Seminars

Informal Seminar: Evaluating Extreme Precipitation Forecasts: A Threshold-Weighted, Spatial Verification Framework for AI and NWP Model Comparison

by Dr Nick Loveday (Bureau of Meteorology, Melbourne, Australia)

Europe/London
Council Chamber

Council Chamber

Description

The rapid rise of AI-based weather prediction (AIWP) models has introduced a compelling alternative to traditional NWP models, offering competitive forecast skill at a fraction of the computational cost for many forecast users. However, rigorously evaluating these models, especially high-impact, extreme precipitation events, remains a significant challenge, particularly when spatial coherence matters and models operate at differing grid resolutions. 

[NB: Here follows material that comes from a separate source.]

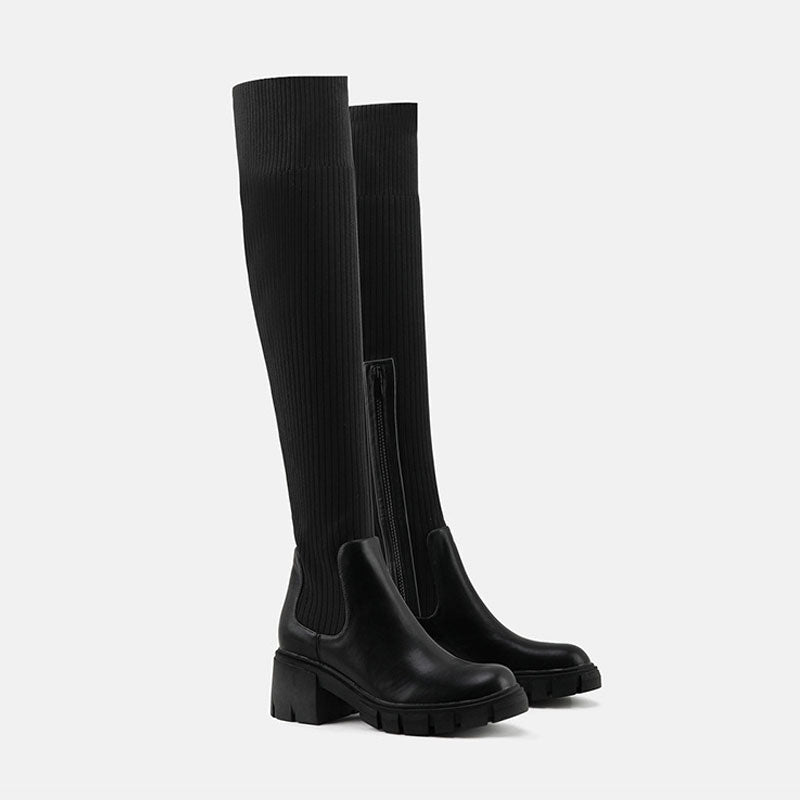 The knee-high boots are going to quickly become your go-to pair! Crafted with ribbed knit. rubber and PU leather. stand out in a panelled contrasting design. featuring a round toe enhanced by a faux leather upper. a lightly cushioned footbed followed by a ridged outsole. a ribbed knitted stretchy shaft trimmed with a half-zip closure at side and chevron pattern at back. ending with a sturdy rubber heel. Find more trendy women's lug-sole boots and unique shoes in our boutique. and wear them on with a sweater mini dress and a shoulder bag - Heel height: 6cm.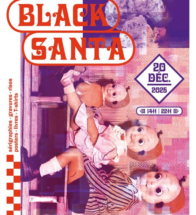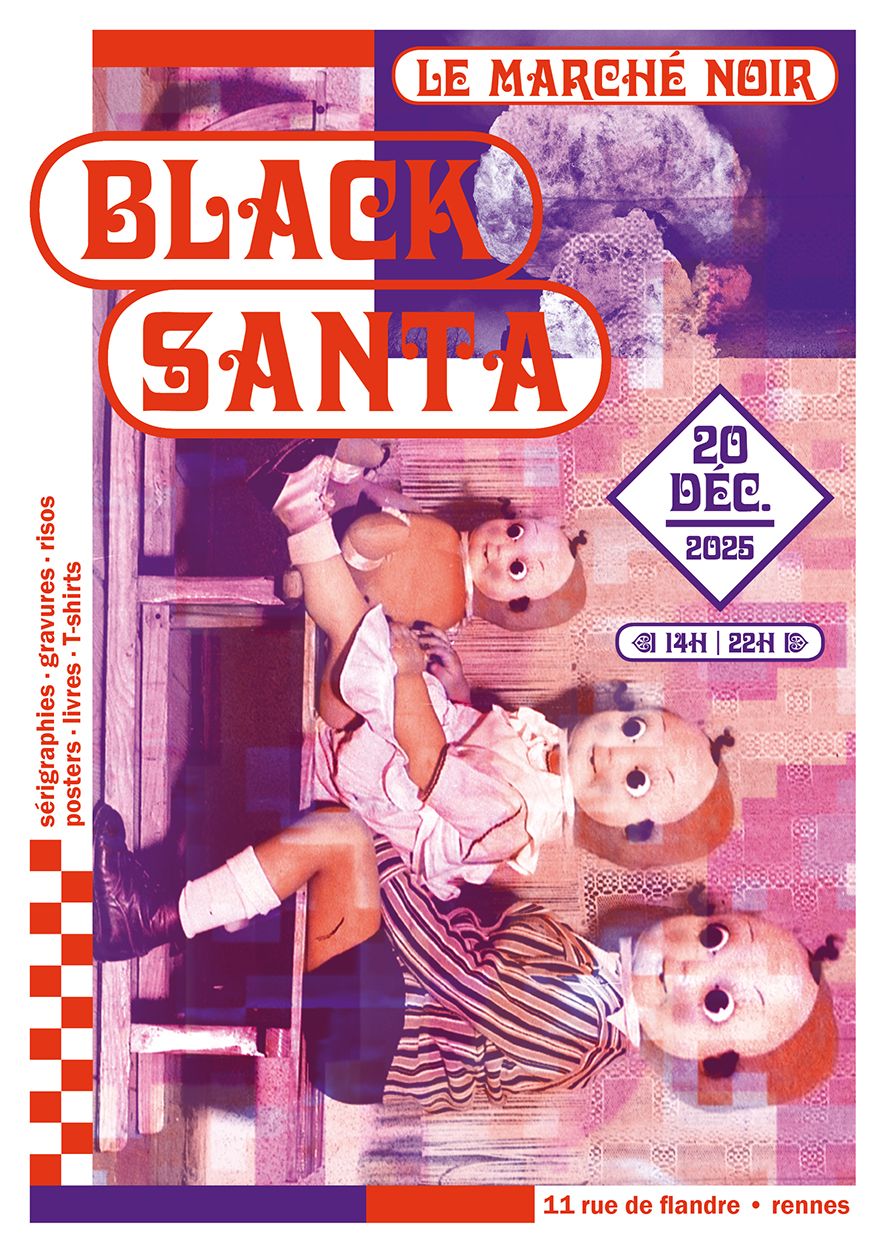 Quelques jours avant Noël, nous ouvrons l'atelier au public pour proposer notre "Black Santa", un marché de Noël dédié aux arts graphiques qui se déroule durant une après-midi et une soirée. Nous y mettons en avant une sélection de pièces diverses principalement issues des arts graphiques et imprimés : estampes en gravure et en sérigraphie, affiches riso, livres, cartes postales, textiles, petits objets… toutes produites dans l'atelier.

This talk presents a verification framework designed to address these challenges. The approach integrates spatial verification methods with proper scoring rules, extending the established High-Resolution Assessment (HiRA) framework through the incorporation of threshold-weighted proper scores. This combination enables user-oriented evaluation that reflects how some operational meteorologists interpret forecasts and how simple post-processing systems may use them in practice. 

A key feature of the framework is its flexibility: by allowing users to assign varying weights to different decision thresholds, it supports targeted evaluation of extreme events or other important decision thresholds.  The framework is applied to evaluate an AIWP model against a high-resolution NWP model, offering insights into how their ability to predict extreme precipitation varies.